Karen Head
In the 1970’s a new unit began appearing in American universities: the Writing Center. These units were created to offer supplemental academic resources and tutoring for students who wanted to improve their writing. For many of the founding scholars, writing centers were designed to places that would support the interdisciplinary study of writing—places that could transcend departmental boundaries. Creating such spaces was also an attempt to transcend misguided ideas about what traditional English departments do; they are much more than places where students learn to write college essays. These early scholars wanted to raise standards of and provide support for a variety of discourse communities throughout their institutions, offering “safe spaces” within which anyone could explore ways to become a better communicator. These safe spaces were designed to encourage frank discussions about rhetoric and composition across disciplines without connecting it to the harsher criticism of formal evaluation. In other words, these were places staffed by people who were not responsible for awarding grades, but instead focused on the higher goal of leading discussions about the importance of excellent communication for any purpose.
While some people still believe such centers are only about remediation, we are pleased that the culture at Georgia Tech is helping subvert this notion: ours is a place where the best students come to become even better.
Unfortunately, the faculty, staff, students and administrators at many institutions considered writing centers to be mostly about remediation: places bad writers were sent to be “fixed.” While some people still believe such centers are only about remediation, we are pleased that the culture at Georgia Tech is helping subvert this notion: ours is a place where the best students come to become even better. Since our founding and my appointment as director of the Communication Center in 2011, my charge is to make our center a benchmark for writing center research, pedagogy and practice—a place that returns to the ideal of a safe space for active debate and discourse about the best ways to communicate in a variety of modes.
While our center is relatively new, the commitment to such work can be traced back nearly forty years when one of the first female instructors at Georgia Tech, Helen Naugle, co-opted an empty classroom and began tutoring students in writing. As an engineering school, our students have often lacked excellent communication skills, so it is no surprise that Professor Naugle was looking for ways to supplement traditional classroom instruction. The seeds Naugle planted would take years to blossom, but she inspired conversations about founding a writing center at Georgia Tech that continued until her dream became my reality.
As part of the innovative Clough Undergraduate Learning Commons, ours is a center granted a prime location with state-of-the-art technology and budgetary support from the central administration. Historically, many writing centers have been located in remote or undesirable spaces. Our dean, Dr. Jacqueline Royster, tells the story from early in her career when she opened a center in an old storage closet behind a campus snack bar. My first day in our multimodal communication center (we now help students negotiate communication in a variety of modes, not just for writing), I was so overwhelmed by the potential of what we would be able to do with students that I wandered around the space in awe—finally retreating to my office, collapsing in my chair, and weeping joyfully. Here was a space designed for students, and I was keenly aware of its special nature. Our students would benefit from a center full of all the bells and whistles—it has everything that writing center directors wish for but rarely have: SmartBoards, video-capture and video-conferencing equipment, computer stations, scanners, iPads, and even a 3D printer. Our students also benefit from our ability to provide the very best tutoring staff; it is rare to have a sizeable professional staff of postdoctoral fellows who split time between teaching in the LMC writing program and tutoring in the center.

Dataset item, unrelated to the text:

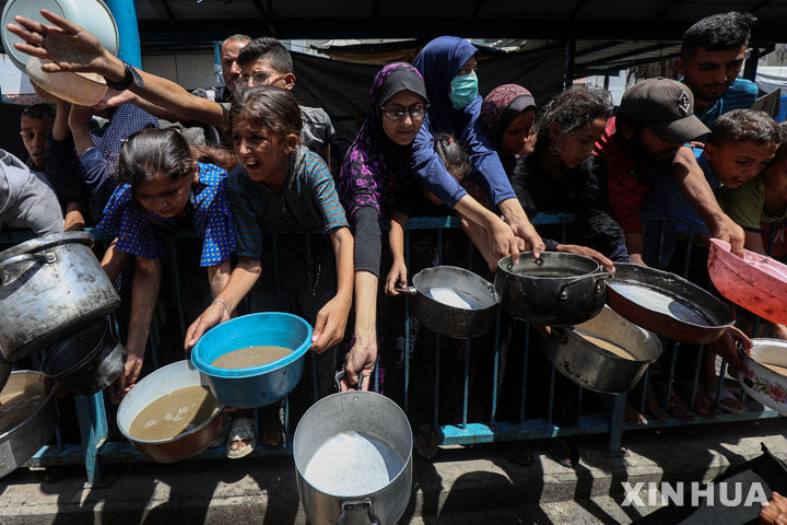 [가자시티=신화/뉴시스] 지난 18일(현지 시간) 가자지구 가자시티의 음식 배급소에서 팔레스타인 피란민들이 무료 음식을 받고 있다. 영국 가디언은 이스라엘군 정보 데이터베이스를 분석한 결과 전쟁 사망자 83%가 민간인이라는 결론이 도출됐다고 21일 보도했다. 2025.08.22. |

Another part of our mission is to find ways to encourage students to become part of our community of learners and scholars. Foremost we want to disabuse students that our center is a last resort for the struggling.
Another part of our mission is to find ways to encourage students to become part of our community of learners and scholars. Foremost we want to disabuse students that our center is a last resort for the struggling. We want them to understand that this is place where exciting things happen, where even our best students come to hone their projects. Our work touches every aspect of life at Georgia Tech, whether helping students prepare research papers or presentations, make documentary films, develop scientific documents for the public, write novels, or master the art of public speaking. Communication is a fundamental component for success, and our center’s mission is to help our students master the competencies they will need to be successful in their academic and professional lives.
From an everyday perspective, writing center work is about having meaningful conversations: tutors and students talking about the best way(s) to communicate an idea. Technological tools can help make those conversations more productive, even more efficient, but it is the conversations that continue to matter most. From these conversations we also form many of our research questions and projects. Our professional staff members are already acknowledged as award-winning tutors as well as significant contributors in research journals and at research conferences. Additionally, we involve students in our research. In fact, some of the students who work in our center (as peer-tutors or as research assistants) have engaged in important research they have presented at prestigious academic conferences.
In the last few years, conversations about higher education have often focused on questions about efficiency. As we turn toward technology for answers, we must also ask important questions about what our students might gain or lose from the changes we implement. Certainly we want to offer the best educational resources to the greatest number of students. The Communication Center at Georgia Tech is committed to innovation in teaching and learning, and because we are fortunate enough to have “all the bells and whistles” we are positioned uniquely to pursue research that will help shape the ways writing centers are designed or redesigned, and the best outcome is that our students are the primary beneficiaries of this work.